I just ran this quick test with the SendGrid backend, and the message I received did not specifically declare an attachment charset (so was correctly decoded as utf-8). You can do this in python manage.py shell:

from django.core.mail import EmailMessage
att = """\
BEGIN:VCALENDAR
[... copied from your report above ...]
END:VCALENDAR
"""
msg = EmailMessage(to=['my email'], subject='SendGrid att test', body='check attachment')
msg.attach('termin.ics', att, 'text/calendar')
msg.send()

The raw message I received had these attachment headers, and my email clients displayed the original UTF-8 characters as expected. (I tried both Gmail and Outlook.com.) Notice there's no mention of iso-8859-1:

Content-Disposition: attachment; filename="termin.ics"
Content-Transfer-Encoding: base64
Content-Type: text/calendar; name="termin.ics"

QkVHSU46VkNBTEVOREFS...

So, a few possibilities why you're getting different results:

  • Are you receiving mail behind a proxy that decodes and re-encodes the message before delivering it to you? Like a spam/virus filtering gateway? If so, there might be a bug in that proxy.
  • I guess it would help to see your code that constructs and sends the message, to see how it differs from my example above. In particular, where the attachment content is coming from and how it gets attached to the message. (Maybe something along that path is forcing—or trying to auto-detect—character encoding?)
  • Django's DEFAULT_CONTENT_TYPE setting can affect email attachment charset, if you've changed it. (But the default is 'utf-8', which should do the right thing.)
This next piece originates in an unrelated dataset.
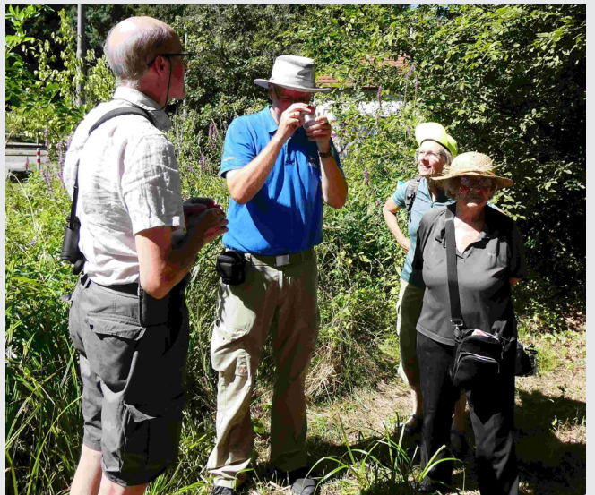
Bei manchen Sechsheinern musste ganz genau hingeschaut werden.

Incidentally, the SendGrid API doesn't provide any way to declare the charset for attachment content. (I can't find specific docs on charsets, but it seems like SendGrid just assumes UTF-8.) And their API requires base64 encoding for all attachment content (even text).

@nuschk
Copy link
Author

nuschk commented May 24, 2019

Hey Mike, thanks for the fast response.

I'm sorry, I should have provided a full example. Here goes, this one reproduces my problem:

from django.core.mail import EmailMessage

ics_data = """BEGIN:VCALENDAR
VERSION:2.0
PRODID:-//flatfox//flatfox.ch//
METHOD:REQUEST
BEGIN:VEVENT
SUMMARY:Viewing at Schreinerstrasse 64\, 8004 Zürich
DTSTART;VALUE=DATE-TIME:20190526T150000Z
DTEND;VALUE=DATE-TIME:20190526T153000Z
DTSTAMP;VALUE=DATE-TIME:20190523T121031Z
UID:036af9c4-74a8-4952-b4f0-a8212b80734a.201905261500@flatfox.ch
SEQUENCE:9
ATTENDEE;CN="Bernhard Mäder";CUTYPE=INDIVIDUAL;PARTSTAT=ACCEPTED;ROLE=REQ
 -PARTICIPANT;RSVP=FALSE;X-NUM-GUESTS=0:MAILTO:<some_email>@flatfox.ch
DESCRIPTION:Address: Schreinerstrasse 64\, 8004 Zürich\nContact person: B
 ernhard Mäder\nWhen: Sun\, 05/26/2019\, 5 p.m.\nAttendees: Max Muster - 2
 738492379847
LOCATION:Schreinerstrasse 64\, 8004 Zürich
ORGANIZER;CN=flatfox:MAILTO:<no-reply>flatfox.ch
PRIORITY:5
STATUS:CONFIRMED
BEGIN:VALARM
ACTION:DISPLAY
DESCRIPTION:Viewing at Schreinerstrasse 64\, 8004 Zürich
TRIGGER:-PT30M
END:VALARM
END:VEVENT
END:VCALENDAR"""

msg = EmailMessage(to=['<some_email>'], subject='Test', body='Nope')
msg.attach('termin.ics', ics_data, 'text/calendar')
msg.send()

And the resulting email as received by gmail:
"""
Delivered-To: <some_email>
Received: by 2002:a67:e059:0:0:0:0:0 with SMTP id n25csp3021256vsl;
Thu, 23 May 2019 22:22:22 -0700 (PDT)
...

--9e94b2f4a717f4011522c3f0fd23df848d075a48523d34c2fcef0989f247
Content-Transfer-Encoding: quoted-printable
Content-Type: text/plain; charset=us-ascii
Mime-Version: 1.0

Nope
--9e94b2f4a717f4011522c3f0fd23df848d075a48523d34c2fcef0989f247
Content-Disposition: attachment; filename="termin.ics"
Content-Transfer-Encoding: base64
Content-Type: text/calendar; name=termin.ics; charset=iso-8859-1

QkVHSU46VkNBTEVOREFSClZFUlNJT046Mi4wClBST0RJRDotLy9mbGF0Zm94Ly9mbGF0Zm94LmNo
...
--9e94b2f4a717f4011522c3f0fd23df848d075a48523d34c2fcef0989f247--
"""

Also:

  • No DEFAULT_CONTENT_TYPE is set. I can even do msg.message().as_string() and see that django is setting charset=utf-8.
  • I'm sending to gmail and outlook, with the same result. I don't think there can be a proxy involved. As the charset is not coming from anymail, it must originate from sendgrid I guess.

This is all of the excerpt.